The New York Times has got to get over dealing with this issue in terms of computer programming rather than auditing issues. And even if we get paper ballots, we have achieved nothing without proper auditing, which isn't even on the table yet.

Many of the computer scientists: a) refuse to deal with the auditing issues at all and have weak expertise in writing legislation, but they do it anyway -- witness, Dr. David Dill attempting to help write legislation, omitting all meaningful audit procedures and calling it a "receipt" or a "trail" instead of a ballot -- though it has been pointed out to him a hundred times that the word "trail" has no legal definition and will therefore be meaningless in legislation; or b) We see computer scientists reinventing the auditing wheel over and over, using flawed models. Here's a concept: Ask people who actually understand auditing.

I recently spoke with Senator Patty Murray about this. I told her that upcoming congressional hearings need to bring in auditors and stop the overreliance on computer scientists, who have yet to get it right.

Why is it auditing, not certification or programming?

You mainly need to know if it is counting right. You could certify until the cows come home, but that still doesn't prove it counts right. Auditing forces you to "show your work" and prove that the count is correct.

You should see my e-mail. Dozens of ill-thought-out computer solutions, taking issue, of course, with the idea that we will argue this issue more effectively by concentrating on auditing, which would in turn give us paper ballots, meaningful USE OF the paper ballots to check the machines, and would give us several more checks and balances not used -- or even proposed by computerheads -- at this time.

We need:

To compare number of voters with votes cast. This will catch most kinds of stuffing or deleting votes from the electronic ballot box. (But it won't catch situations where a negative set of votes is used to balance the books; to catch that, you need a comparison of voter-verified paper ballots with the machine count on machines with stuffed ballot boxes).

To compare polling place tallies with central count tallies. This will catch substitutions or changes in the electronic ballot box done after the polling place closes, and diddling with the highly vulnerable central count tallies.

To compare voter verified paper ballots with the machine counts. This will catch dishonesty in the ballot definition, ie. the Sequoia flaw that allows the person creating the ballots to have the Spanish language and visually impaired ballots vote for someone else than it shows on the screen, and it will catch tampering with the machine tally by any means before or during the election.

To compare absentee ballots received by the post office with absentee ballots counted. This will catch tampering which removes strategic sets of absentee ballots before they reach the counting phase.

End of rant.

Bev

possibly dispute the critical importance of auditing.

However, there are a lot of single minded geeks, I guess ...

computer scientists can operate best within the confines of their discipline. The best teams that I have been on have used SMEs (subject matter experts) and computer scientists together. SMEs define the business logic and the computer scientists implement it within technological constraints (this can get to be a iterative process with computer scientists telling SMEs that some business logic can't be implemented in a computer system and SMEs refining their business logic and SMEs telling computer scientists that the system must have this business logic in there or else the system is worthless!!!).

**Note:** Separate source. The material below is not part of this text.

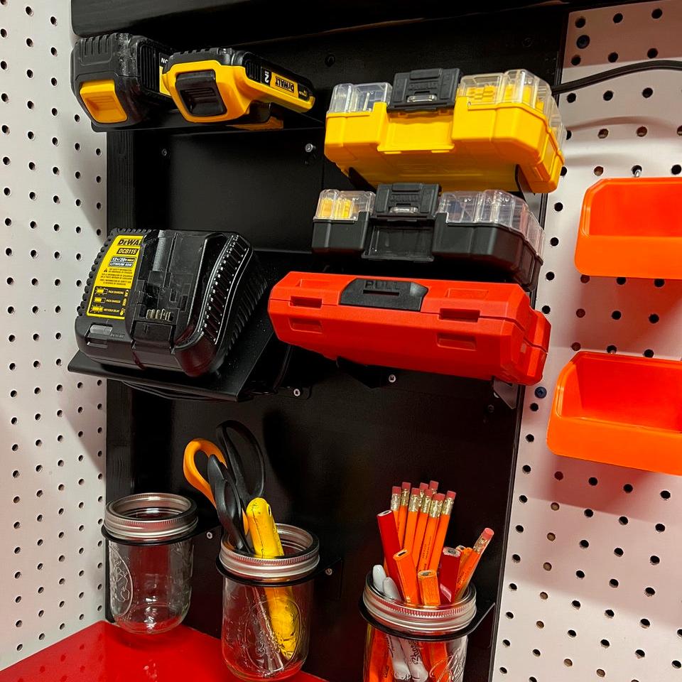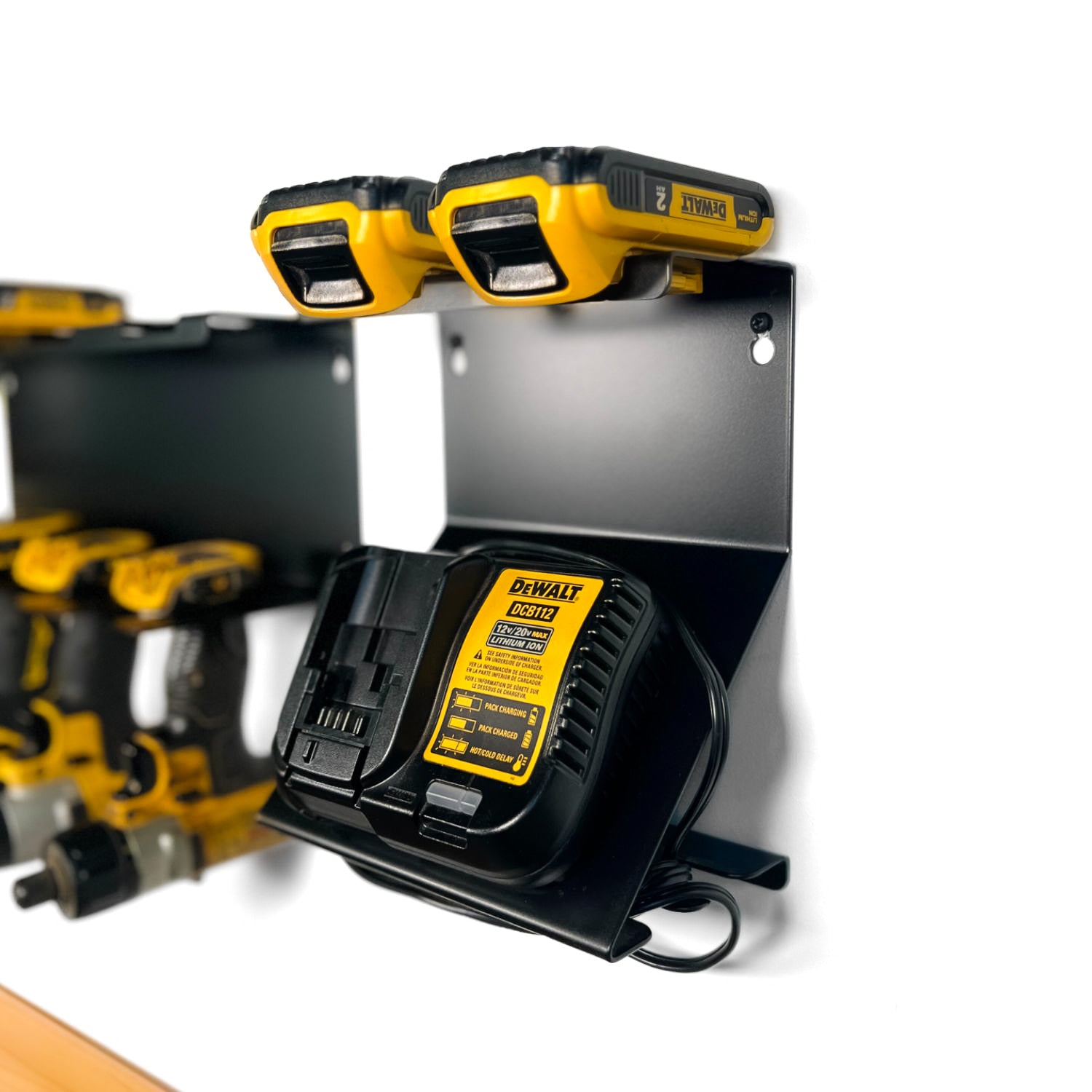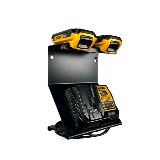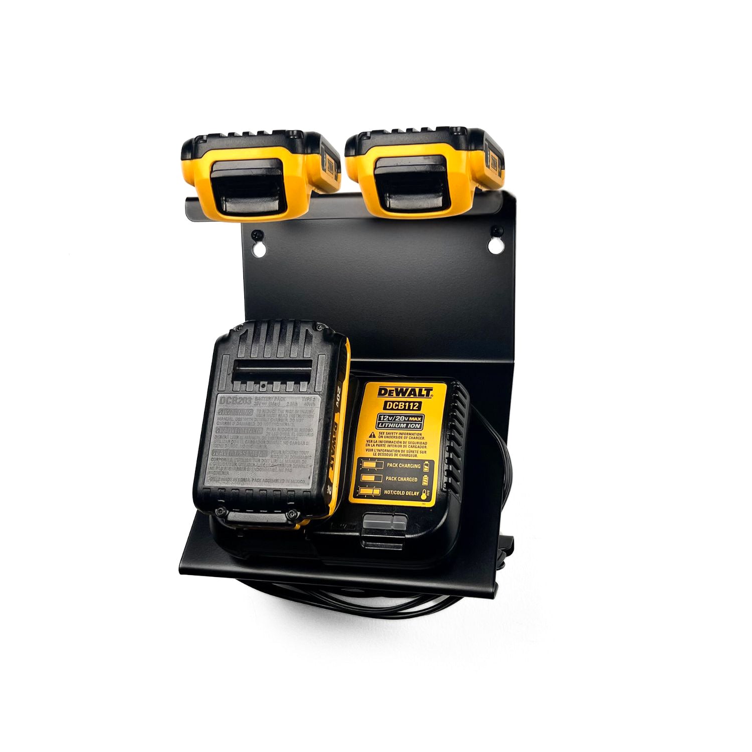Introducing the DeWalt 20V Charger and Battery Mount, the ultimate solution for organizing and optimizing your workspace. Crafted with precision from 14ga steel and designed for durability, this mount is engineered to make your charging and storage needs more efficient and convenient. Plus, the built-in cord management feature ensures that the power cable is neatly organized and out of the way. Goodbye workspace clutter!
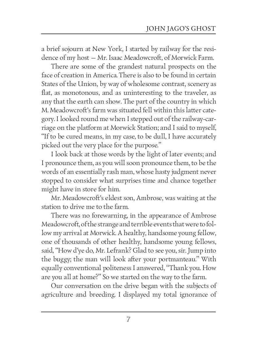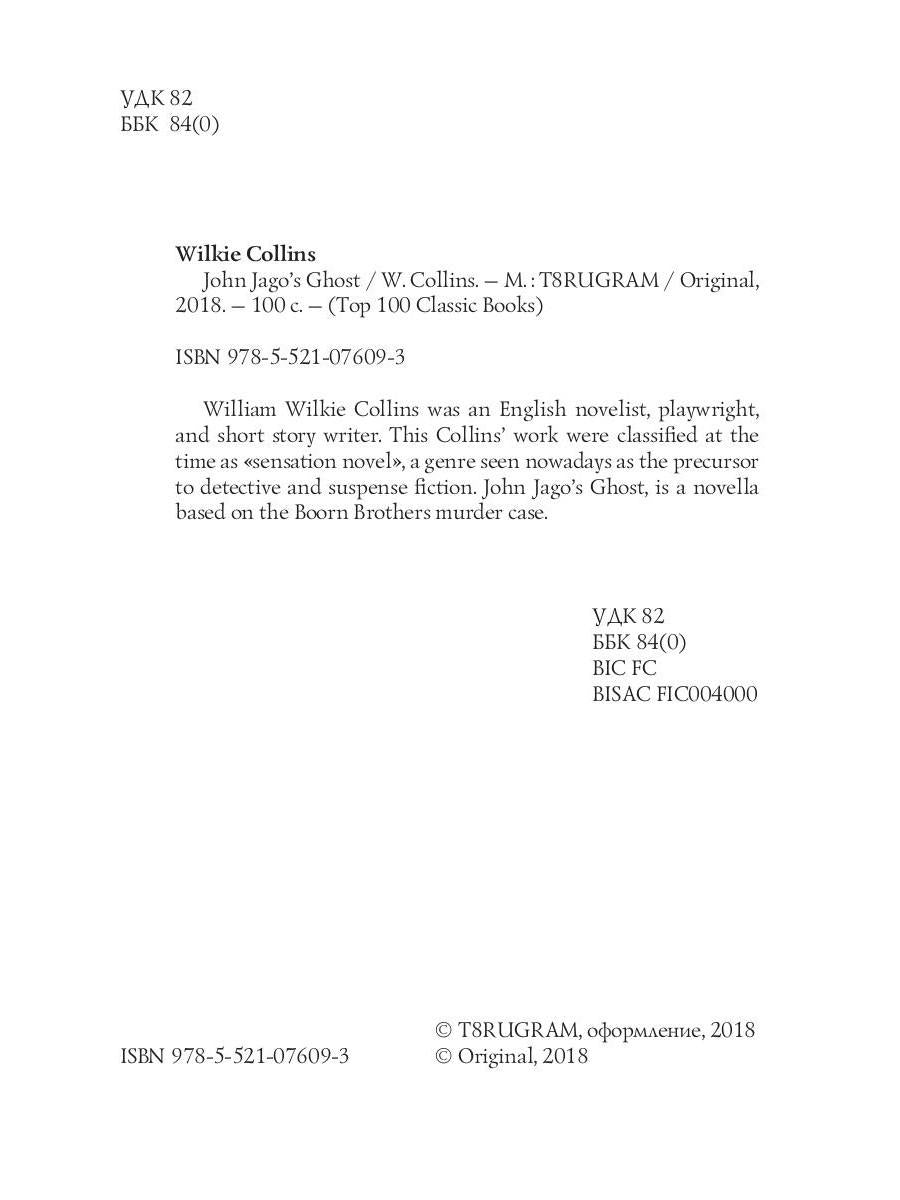 Handling time: 19 days Автор: Collins William Wilkie, «John Jago's Ghost = Призрак Джона Джаго (на английском языке)»: William Willcie Collins was an English novelist, playwright, and short story writer. This Collins' work were classified at the time as «sensation novel», a genre seen nowadays as the precursor to detective and suspense fiction. John Jago's Ghost, is a novella based on the Boorn Brothers murder case.

It is of the utmost importance that the team be a multi-disciplinary team because of auditing and legal considerations.

The choice of words to describe things is very important... just as certain words resonate in a technological sense so do certain words resonate especially in a legal sense. There are legal principles and laws as part of the "business logic" to be embedded within these computer systems. The word "ballot" has a legal meaning. This word needs to be used in legislation and also in computer specifications so that there is a direct link between the law and the computer system. This way you can directly tie the workings of the computer system to the law. Then it will be much clearer when the law is being violated if the ballot is not functioning in accordance with legal principles. Use of terminology forces the issue. Using a synonym creates a grey area, a veritable legal thicket, for obfuscation. This is balanced by the need to communicate across disciplines. One way to achieve this balance would be the following: The law is written using legalistic terminology. As the specification is developed, we may choose to link the ballot to "trail" or "receipt" (these words should be defined in the specification itself so that there is no confusion) as these words have meanings within the computer science community (ie audit trail is commonly used) and may provide clarity for a programmer coding the specification. For example, a ballot may have an audit trail, ie we will log its entrance into the system and at critical junctures within the system and we will also create output showing the ballot has not been tampered with. One form of the printed output may be called a receipt. There may be other tallies necessary to cross check the validity of the ballot. "Ballot" should be used especially in terms of drafting legislation -- ie, you monkey with the ballot, you go to jail. That way clever attorneys don't debate what a ballot really is.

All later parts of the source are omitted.